Cuillier called it “very strange” that Miller signed the resignation agreement on May 10, but the news wasn’t made public for days.
“It just makes people wonder, it makes them suspicious, it makes people less trusting of the Board of Trustees,” he said.
It’s not fair to Miller, he said, that these questions aren’t answered.
For Liv Ream, the co-editor in chief of the University of Akron’s student newspaper, the Buchtelite, the secrecy has made her lose faith in academia. She said she’s heard rumors about Miller’s role in the university’s current financial issues, but doesn’t know definitively what happened to cause his departure.
“On paper, it seems kind of bad,” she said. “It seems like he was pushed out, made to retire.”
Wilde, the George Mason professor, said even if boards want to fire someone, it’s in both parties’ best interests to negotiate an exit, instead. She said she found Akron’s situation “very curious.”

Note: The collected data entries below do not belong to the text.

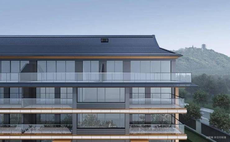 颂香望庐的建筑外立面沿袭传统宋式美学,采用四面铝板+三玻两腔玻璃立面,搭配爱马仕灰和蓝眼睛石材,古典但不失现代质感。
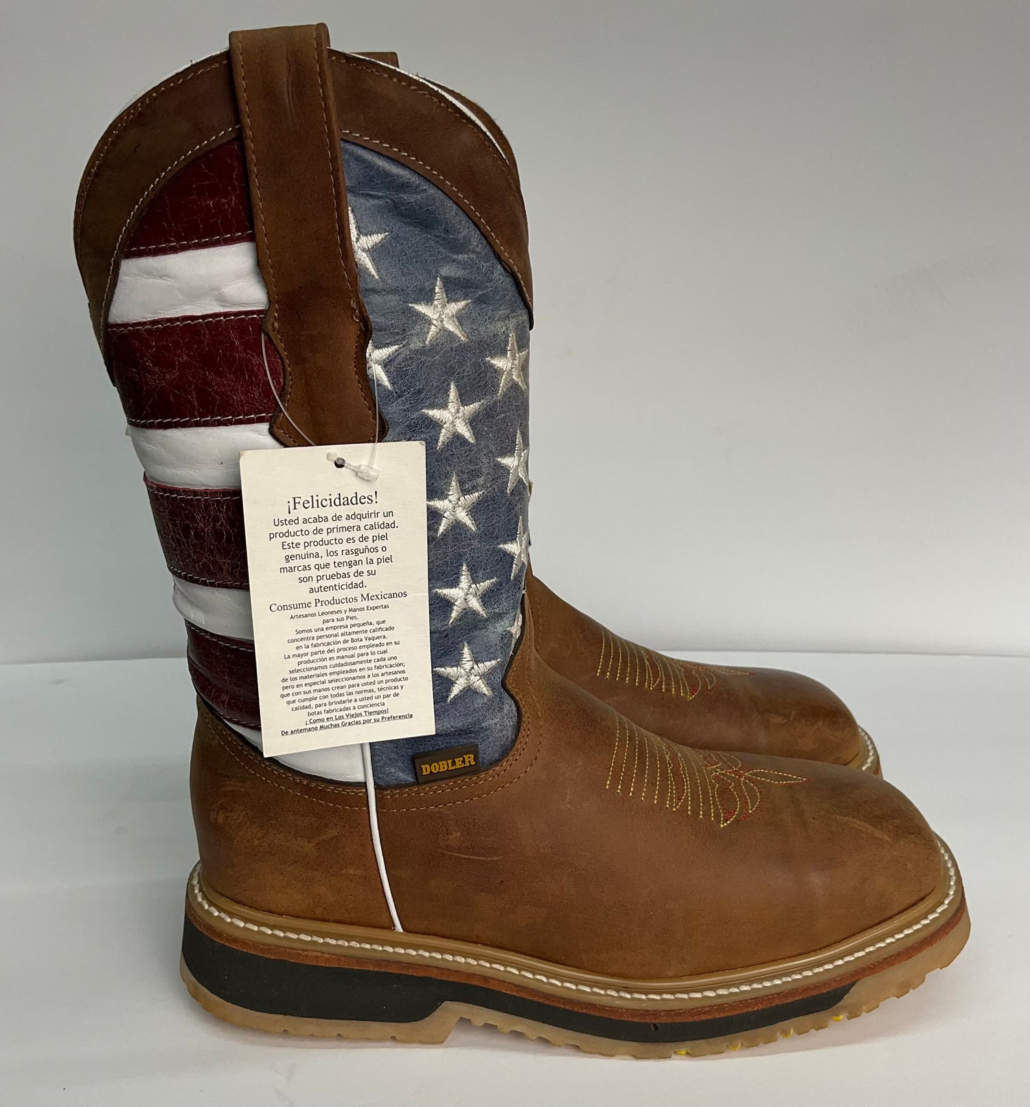 Luce con estilo con estas botas de piel café con tubo de bandera americana. Resistentes, llamativas y con puro orgullo vaquero.
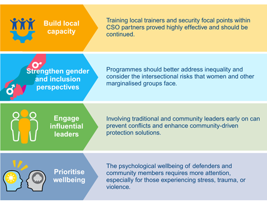Throughout the safety & security strengthening programme, several lessons learned emerged that offer valuable insights for future initiatives. Each country is dealing with a different context and challenges: from the limited familiarity of local communities in Indonesia with human rights concepts to the influence of South Sudanese refugees in Uganda and the impact of Chinese mining activities in Ghana. However, some lessons learned are relevant across all contexts as is shown in the graphic below.
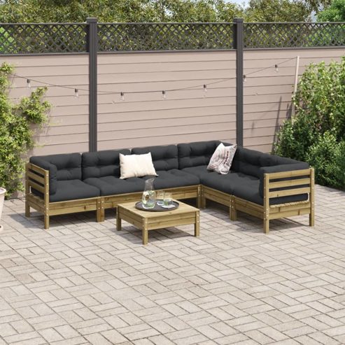 vidaXL 7-tlg. Garten-Sofagarnitur mit Kissen Kiefernholz Imprägniert
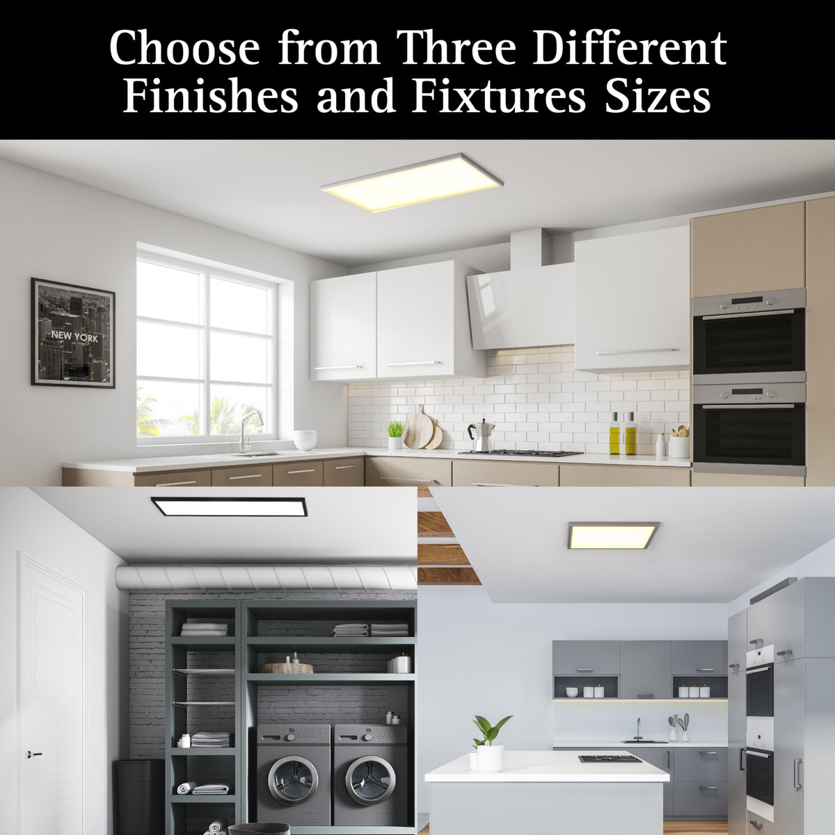 The UltraLux LED light fixture features a modern, sleek design crafted from well-made aluminum, ensuring durability and a refined aesthetic. With a low-profile design, it fits seamlessly in any setting, from kitchens and bathrooms to garages and offices. The fixture is CCT switchable, allowing you to select between 3000K, 4000K, and 5000K color temperatures, providing flexibility to achieve the desired ambiance. Its TRIAC dimmable functionality allows for easy brightness adjustments, making it ideal for any occasion.
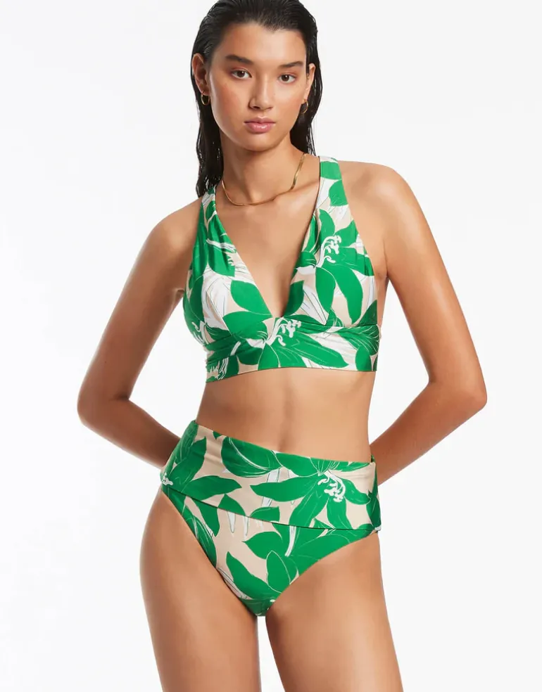 The Floreale Fold Down bikini pant from Jets is a gorgeous green and cream print bikini pant with maximum coverage at the back and waist with a deep folded waistband which can be adjusted for the perfect fit and coverage.
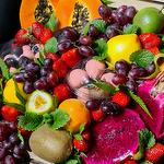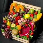 Клубника - 200 гр. Киви - 1 шт. Персик - 2 шт. Слива - 2 шт. Ящик деревянный - 1 шт. манго - 1 шт. Открыточка с вашими пожеланиями - 1 шт. Маракуйя - 2 шт. Папайя - 1 шт. Абрикос - 2 шт. Питахайя - 1 шт. Виноград гроздь - 1 шт. Клубника в шоколаде callebaut (бельгия) - 9 шт. зелень декоративная - 1 шт. голубика в шоколаде - 100 гр.
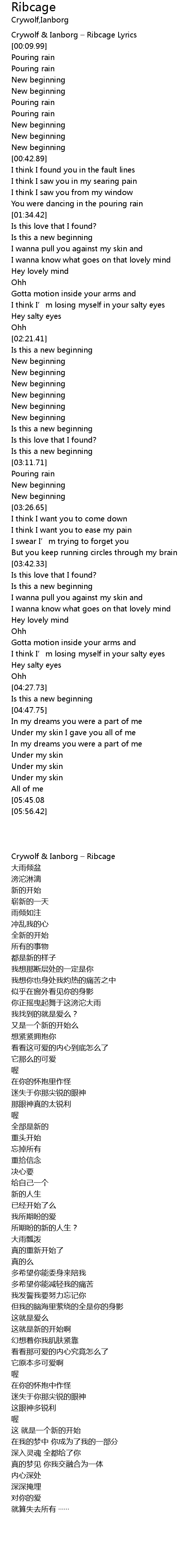 | [00:08.38] | Crywolf & Ianborg – Ribcage Lyrics |
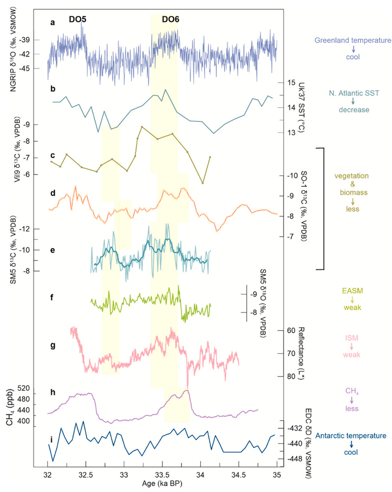 Dansgaard-OeschgerDO)事件是末次冰期(约11万至1.2万年前)北大西洋地区频繁发生的千年尺度快速气候振荡事件,其温暖间冰阶(Interstadial)与寒冷冰阶(Stadial)的交替发生对全球气候系统产生深远影响。本研究基于湖南石马洞石笋SM5的高精度铀系测年(7230Th年龄)和144组稳定同位素数据(平均分辨率12年),重建了3.413.26万年前东亚夏季风演化历史,结合亚洲、南美洲8支石笋记录框定了DO6事件的起止时间与持续时间,验证了格陵兰冰芯GICC05时标在这一时段的可靠性。
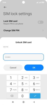 Press the indicator next to "Lock SIM card" to turn the function on or off.
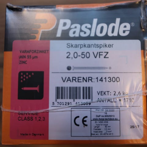 3,1x98 Paslode søm, En god halv kasse varmeforzinket 3,1x98 søm fra Paslode.(595 søm)
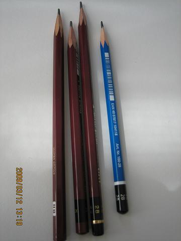というわけでなんちゃって講座でも開きたいと思いますまぁ、誰でも知ってるようなことを適当に描いていくだけですがよろしくお願いします間違っててもそれは大目に見てくださいねwとりあえず最初なので鉛筆の種類から始めたいとおもいますまぁ、種類っていっても世の中には数限りなくある鉛筆ですから全部紹介するわけも行きませんそこでまぁ、デッサンするのに代表的と言えば代表的なuniとステッドラーの紹介をしましょう右の三つの茶色のものがuni、左のがステッドラー(正式にはステッドラールモ グラフなぜuniが三本写ってるのかというとそれぞれ種類が違うから左からuni-star,uni,hi-uniですまぁ、違いは描き味と値段ですかね一応大体の値段はuni-star:わすれたw一番安いuni:¥90hi-uni:¥140ステッドラー:¥160ですかねだいぶ違うんですよねまぁ、こだわらない人は何でもいいんですが微妙に色味、描き味が変わってきますそもそも鉛筆の違いはなにかといわれたら大きく違う部分は芯の部分です芯は黒鉛と粘土をまぜて、焼いたものがそれですそして粘土の量の調整によって硬さを変えていますつまり粘土の質が大きいと思いますまぁ、どうでもいいやって人にはどうでもいいんですけどねーこだわりたい人はこだわってみてはいかがですかねw
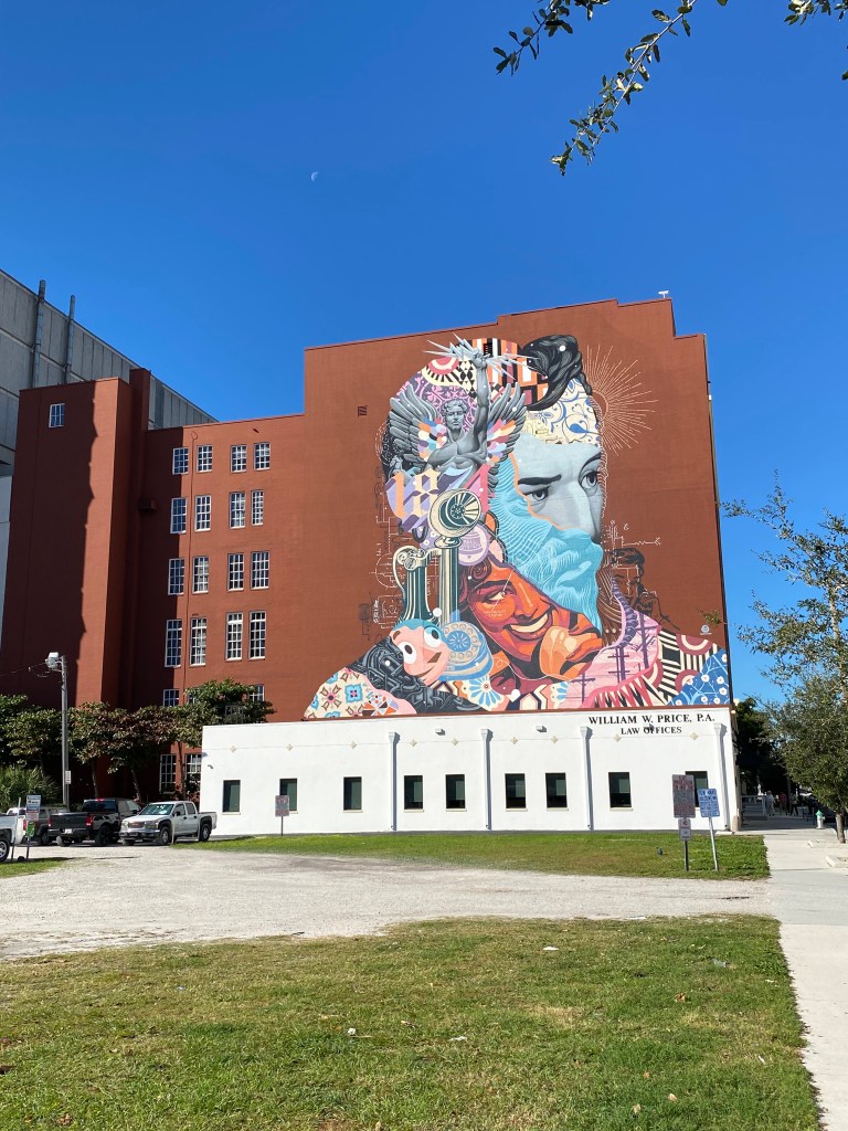 Le centre-ville est chic, mais pas bling bling comme parfois à Miami. Il y a de vrais espaces pour piétons, et malgré quelques commerces désaffectés qui n’est généralement pas signe d’une ville dynamique et sûre, le tout reste très agréable et on s’y sent bien. On a pu profiter de sculptures de sable, de street art et de quelques belles bâtisses.
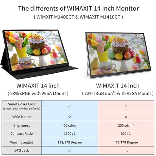 Update - WIMAXIT 14 pollici Monitor touch portatile da con 98% sRGB Full HD 1920 × 1080 IPS Image Flip 2 porte USB C Schermo del computer,Monitor per PC con doppio altoparlante Mini HDMI with VESA

“It may just mean he really, for whatever reason, needs to get out,” she said. “There’s an indication that whatever is going on, it’s not horrible with a capital H.”

Contract language implied more notice needed
Miller’s original 2019 contract states he could be terminated without cause at any time with 90 days’ prior written notice.
In order to resign, it said, Miller must have provided at least nine months’ written notice to the board. If he resigned prior to the completion of his first five-year contract, this fall, he was to forfeit the rights to his deferred compensation, which he received in the new agreement. Miller’s original contract said if he resigned without that notice, he would have 60 days to pay the university 75% of his base salary as liquidated damages.
A 2021 contract extension and update states Miller would forfeit his deferred compensation if he resigned prior to Sept. 30 of this year, something the consulting contract gets around with new language. It also updated what he would owe the university to 40% of his base salary if he resigned without proper notice.
Miller expressed a desire to retire to trustees months before the May announcement, Board of Trustees Chair Lewis Adkins Jr. told reporters last month. He said the discussions with Miller were “all positive.” Adkins did not return a more recent phone call seeking comment about Miller’s consulting contract, and it did not appear that Miller had given any written notice of his plans to leave.
Provost John Wiencek said he learned of Miller’s plans after a May 1 meeting of the Board of Trustees, when he was tasked with finding Miller’s replacement. He did so in less than two weeks.
While Wilde said the documentation in Miller’s case doesn’t spell out any specific concerns about his time leading the school, the nature of the agreement — which includes a nondisparagement clause — indicates board members wanted him out “as soon as possible.”
“It invites a number of questions, none of which can be easily answered,” Wilde said. “There are still a lot of questions people could be asking.”